I haven't stopped reading food news though, and read about Kajitsu enough to know I wanted to eat eight courses of Shojin cuisine where I could enjoy each vegan course.
Before we left I said to Liam, "I think some courses will be amazing and a few will be just OK."
I should be a food writer.
The array of foods we had were new, and exciting, to me. Dumpling made of Japanese potato with fresh wasabi on the side. Hand-made (and cut) soba with a seven spice imported from Kyoto. Yuzu fresh in the salad (see picture above) along with kabocha mixed with cous cous, tomato aspic, and a south american fruit that was more seed than pulp. I adored the seitan-like chunks in broth that were more matzo ball than fried tofu, crispy with rice crackers and some other encrustment.
The spaghetti squash with late summer vegetables tasted like sweet and sour veggie stir fry at any Chinese restaurant - the best part being two slim, slightly spicy peppers tempura-d on the side.
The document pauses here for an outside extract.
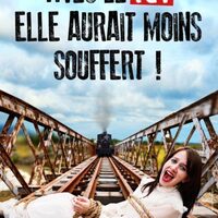 Au premier plan, une femme allongée de manière tragique sur les rails de train, devient le point focal de l'image. Ses membres sont habilement liés aux rails par une corde qui accentue la vulnérabilité de la femme, créant un lien inextricable entre sa personne et le destin ferroviaire qui se profile. Le visage de la femme démontre aussi sa souffrance.

The final dish of rice with ginger and house made pickles saved my savory tastes before we embarked into mochi and matcha so frothy I wish I could have had a demo.
Escaping to a mountain stream in Kyoto with a bowl of burdock root is at least a year away, so if I get the craving again in a different season, we might go back, but the service was also a tad too zen for us (we could only get 9pm reservation and this, post-second-week-of-school, still had me exhausted) - the first 3 courses took about 35 minutes to serve. The service sped up for the final five.
For now we'll have some soba and spices as a Wednesday night meal - I can handle that in 30 minutes or less.